> **DATASET EXCERPTS**
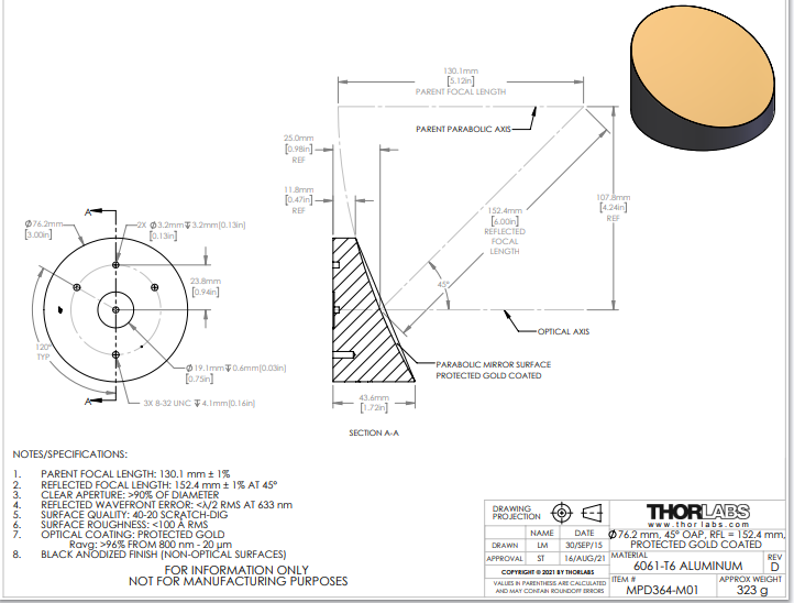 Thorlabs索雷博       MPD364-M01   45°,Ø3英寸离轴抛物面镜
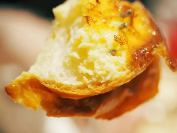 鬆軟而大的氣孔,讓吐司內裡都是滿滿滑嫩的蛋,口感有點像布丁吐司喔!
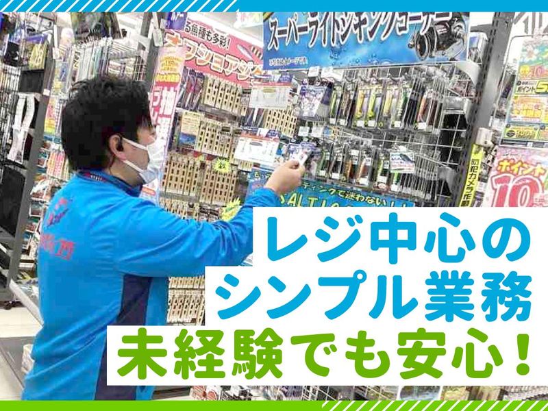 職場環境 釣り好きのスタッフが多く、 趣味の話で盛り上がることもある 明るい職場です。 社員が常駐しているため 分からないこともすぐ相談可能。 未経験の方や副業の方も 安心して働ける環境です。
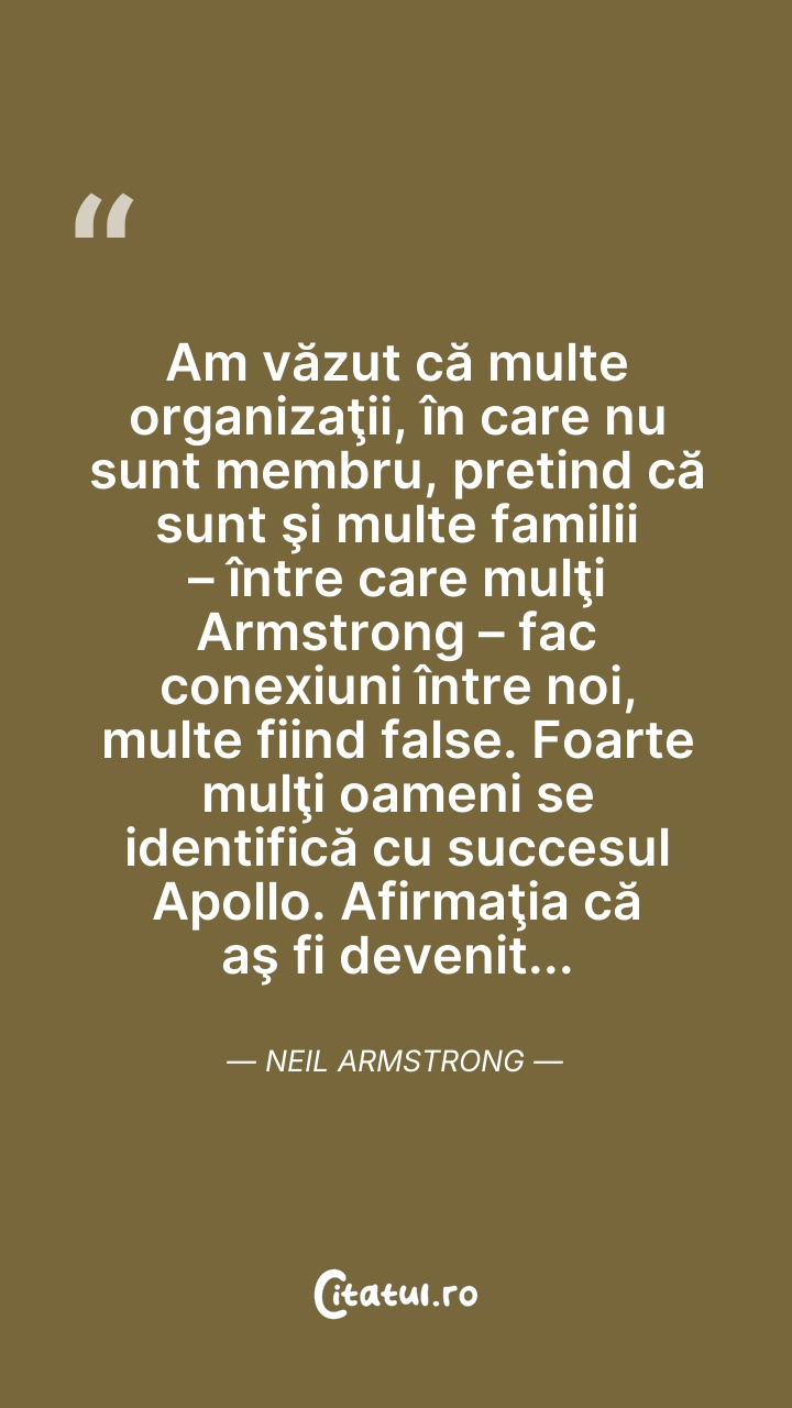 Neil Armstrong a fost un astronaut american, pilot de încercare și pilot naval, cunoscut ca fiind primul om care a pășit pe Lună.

==

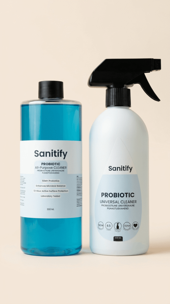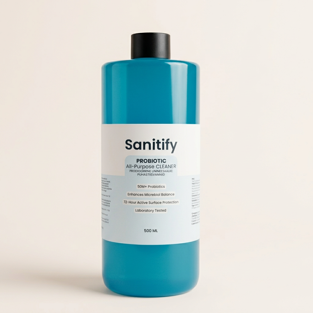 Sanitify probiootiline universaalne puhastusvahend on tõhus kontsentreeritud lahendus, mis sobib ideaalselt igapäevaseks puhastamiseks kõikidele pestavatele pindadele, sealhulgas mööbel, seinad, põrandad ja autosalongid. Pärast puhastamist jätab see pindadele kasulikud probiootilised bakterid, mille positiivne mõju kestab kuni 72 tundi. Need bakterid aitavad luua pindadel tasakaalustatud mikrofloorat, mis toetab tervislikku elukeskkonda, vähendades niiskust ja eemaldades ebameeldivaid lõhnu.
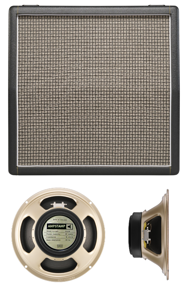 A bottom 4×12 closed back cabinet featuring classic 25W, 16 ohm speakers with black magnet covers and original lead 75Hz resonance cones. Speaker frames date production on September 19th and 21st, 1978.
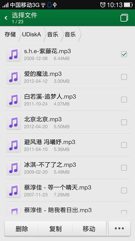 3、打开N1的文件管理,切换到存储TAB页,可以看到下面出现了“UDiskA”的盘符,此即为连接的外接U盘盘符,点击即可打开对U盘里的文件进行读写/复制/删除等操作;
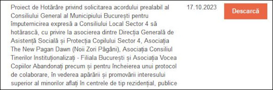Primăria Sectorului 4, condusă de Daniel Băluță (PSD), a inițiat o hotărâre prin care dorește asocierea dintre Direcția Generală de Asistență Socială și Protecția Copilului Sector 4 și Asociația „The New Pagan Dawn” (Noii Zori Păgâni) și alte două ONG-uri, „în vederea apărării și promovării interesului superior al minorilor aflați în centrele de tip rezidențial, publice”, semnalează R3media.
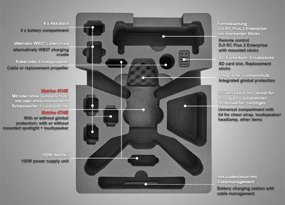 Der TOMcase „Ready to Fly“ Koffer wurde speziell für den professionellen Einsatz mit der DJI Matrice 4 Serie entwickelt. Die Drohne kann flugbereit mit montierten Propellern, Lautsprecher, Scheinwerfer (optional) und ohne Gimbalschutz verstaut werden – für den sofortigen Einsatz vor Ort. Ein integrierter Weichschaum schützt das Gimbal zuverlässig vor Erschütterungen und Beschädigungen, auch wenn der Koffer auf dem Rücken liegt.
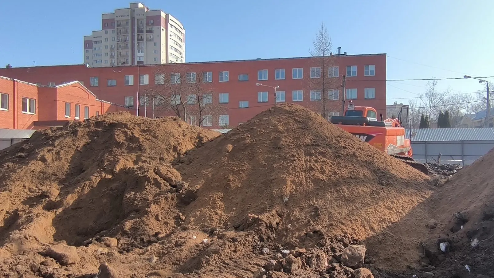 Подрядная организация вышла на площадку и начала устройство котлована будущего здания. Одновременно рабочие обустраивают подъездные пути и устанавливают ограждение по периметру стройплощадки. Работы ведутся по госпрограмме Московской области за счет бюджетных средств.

> **WHAT TO DO**
In the listing above, find the line holding "鬆軟而大的氣孔,讓吐司內裡都是滿滿滑嫩的蛋,口感有點像布丁吐司喔!" and the line holding "Neil Armstrong a". Reproduce those two lines and all between them exactly, leaving out pictures.

> **SOLUTION**
 鬆軟而大的氣孔,讓吐司內裡都是滿滿滑嫩的蛋,口感有點像布丁吐司喔!
 職場環境 釣り好きのスタッフが多く、 趣味の話で盛り上がることもある 明るい職場です。 社員が常駐しているため 分からないこともすぐ相談可能。 未経験の方や副業の方も 安心して働ける環境です。
 Neil Armstrong a fost un astronaut american, pilot de încercare și pilot naval, cunoscut ca fiind primul om care a pășit pe Lună.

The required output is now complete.